No specific ideas for containers (that seem to be missing) or for town decorations at the moment.
I do have a recolour of the LPC pot, although you seem to have several of those already, so I don't know how useful it is.

Saturday, May 9, 2020 - 19:06

Ah, I didn't realise that the site uses its own cache. That makes sense.

Saturday, May 9, 2020 - 18:15

Odd. It must have been a cached version I was seeing then, even though I did reload to check that first.

Sunday, May 3, 2020 - 18:37

They're mentioned/shown up thread. The Victorian decorations are alongside the Medieval decorations, which have a release (https://opengameart.org/content/lpc-medieval-village-decorations). The victorian ones do not (nor do the containers that appear in the last post dealing with the food items).

I was wondering if there are any current plans to release those as submissions as well.

Sunday, May 3, 2020 - 14:10

So, I was wondering: what's the status of the Victorian decorations and the food containers?

I was working on my game (read: perusing and downloading OGA artwork) and noticed that these are not included in one of the available downloads (or they're hidden somewhere where I can't find them).

Monday, June 24, 2019 - 12:50

This is the idea. It's just a travelling sinewave (actually, it's a double sinewave that is 32 pixels wide, and then I just made slices every 4 pixels) and the amplitude is a bit too large. Something more subtle should work better. A pure sinewave probably isn't ideal either.

Still, should be good enough to get the idea.

Sunday, June 23, 2019 - 16:39

I think the last one is my favorite yet. The one before looks very violent.

I think it'll still look good if the water along the shore were to move in such a way that the surface area of the tile is constant. In animation terms, it'd be like a wave passing through the tile from left to right (say). That makes the shoreline less static. Probably only needs a few pixels.

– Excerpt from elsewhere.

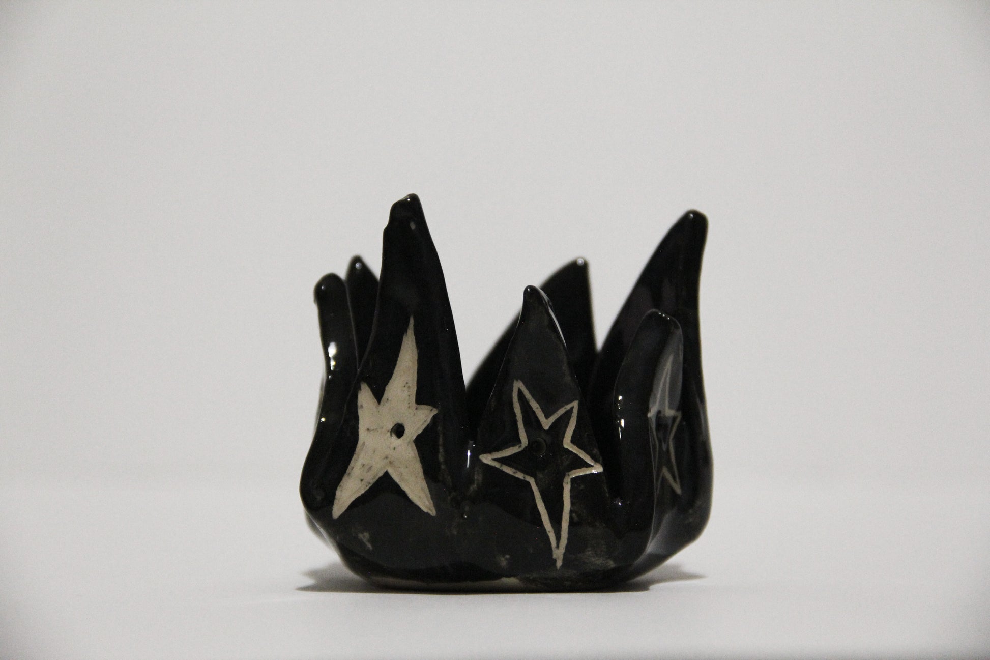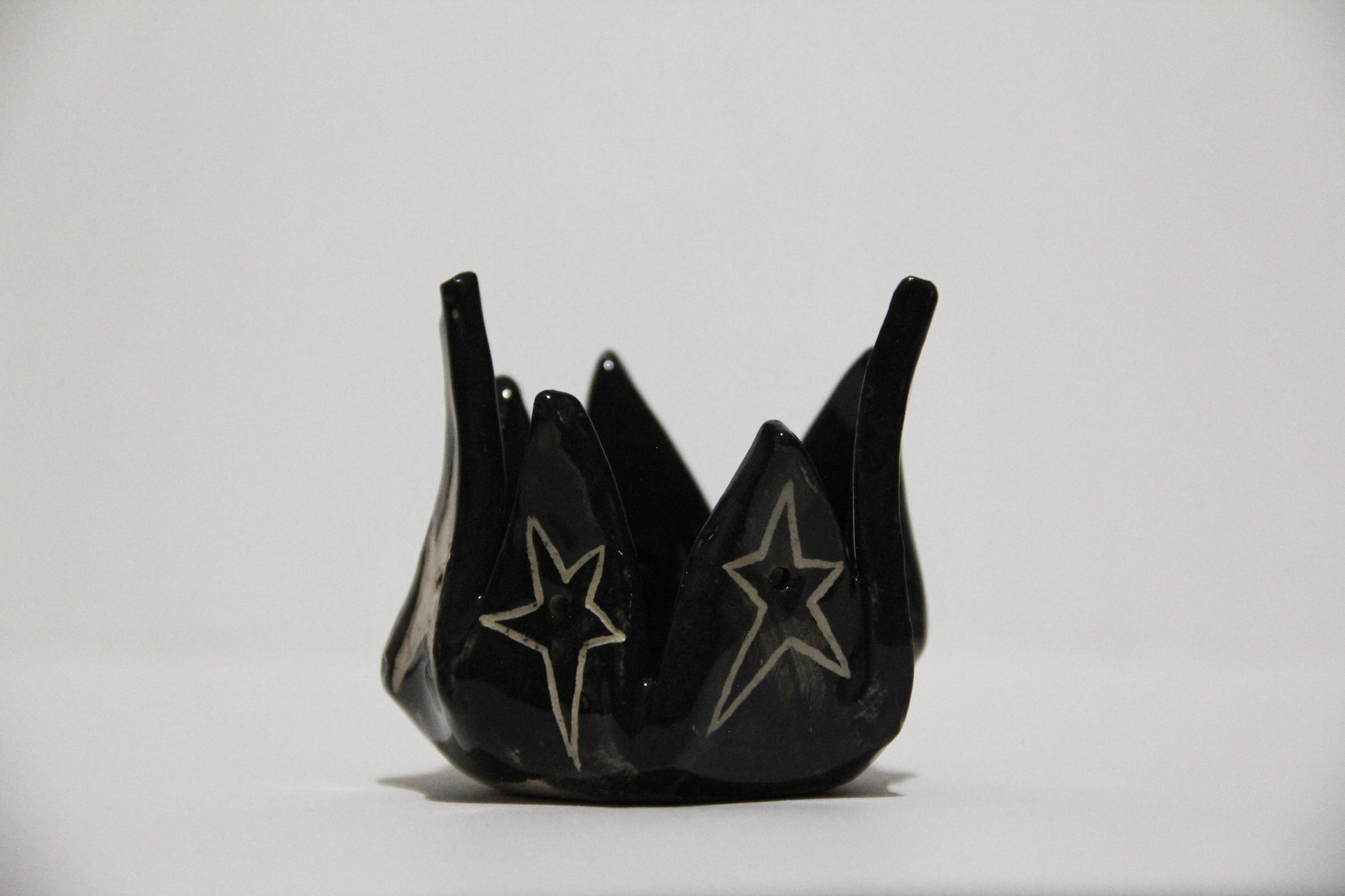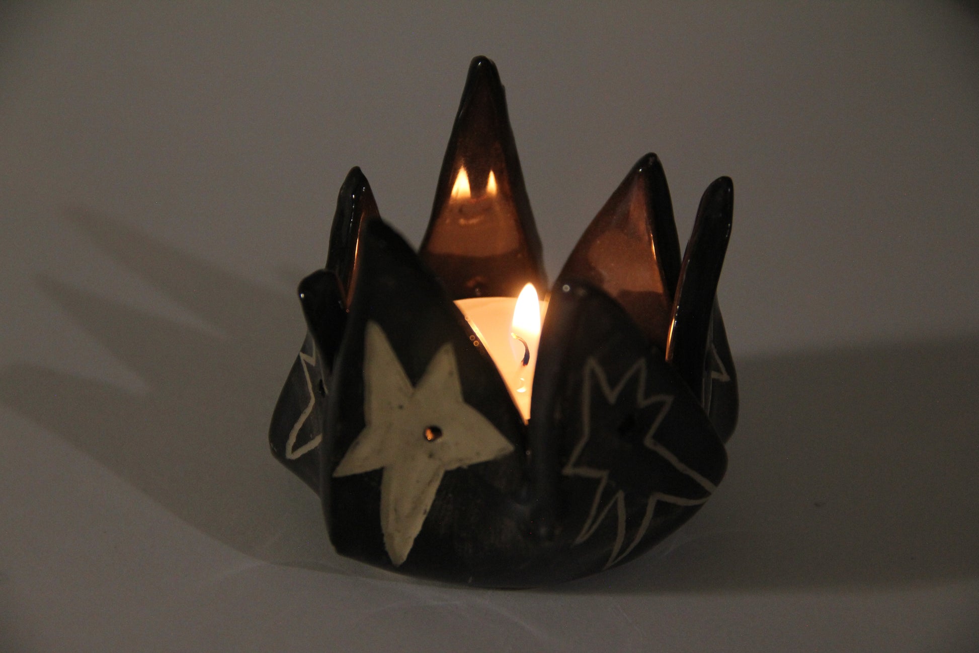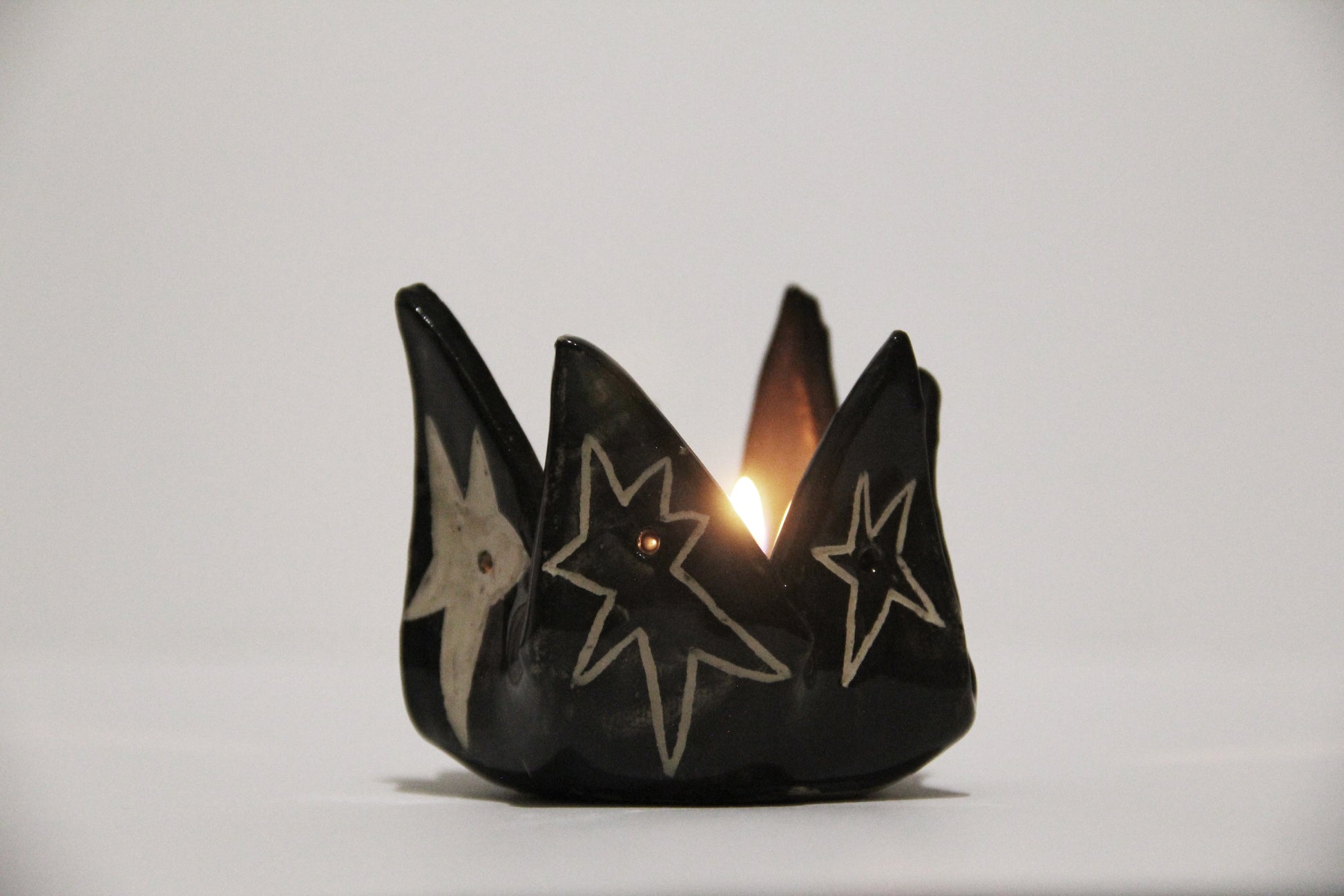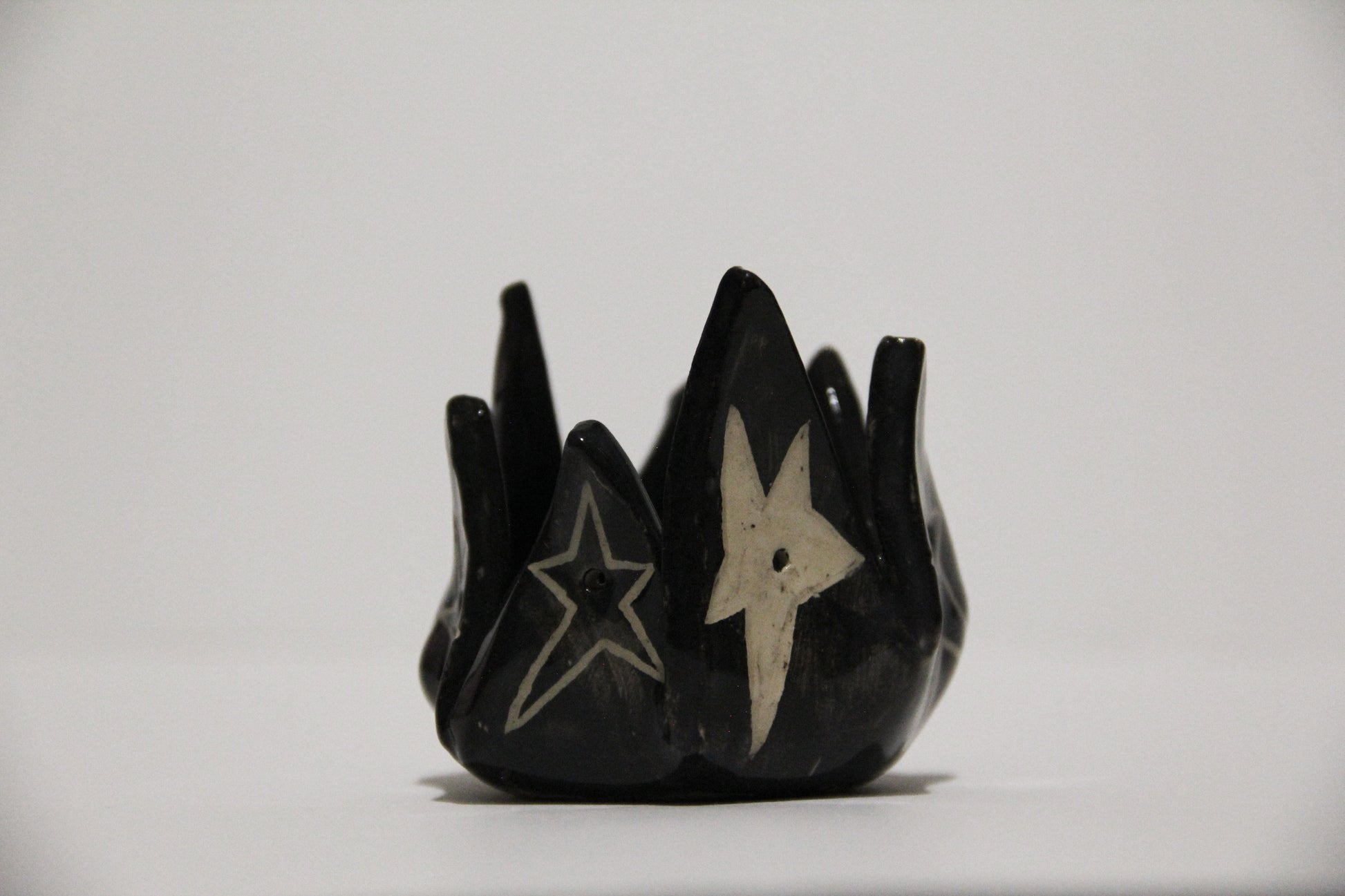 Ručne vyrobený čierny keramický svietnik s hviezdami. Keramika s hlinkou.

Sunday, June 23, 2019 - 06:24

It's tricky. I use a version of ZaPaper's water, but I subtracted the background so I'm left with a transparent water layer that I can put over my own backgrounds.

What makes it tricky is that waves in a pond and waves in flowing water don't look the same in reality. In a pool of water, the water is mostly static, with the waves just causing a sparkle in the water. These sparkles are also more-or-less static, but they "blink". Flowing water has the same, but now the sparkles also move. To convey depth, the water becomes more or less transparent, with shallow water showing the bottom quite clearly and very deep water not showing the bottom at all. This is the sort of thing I would want to handle using code in my engine rather than depending on the artwork directly. It also allows for nifty things like fish that move in the water, or sunken treasure chests that must be recovered.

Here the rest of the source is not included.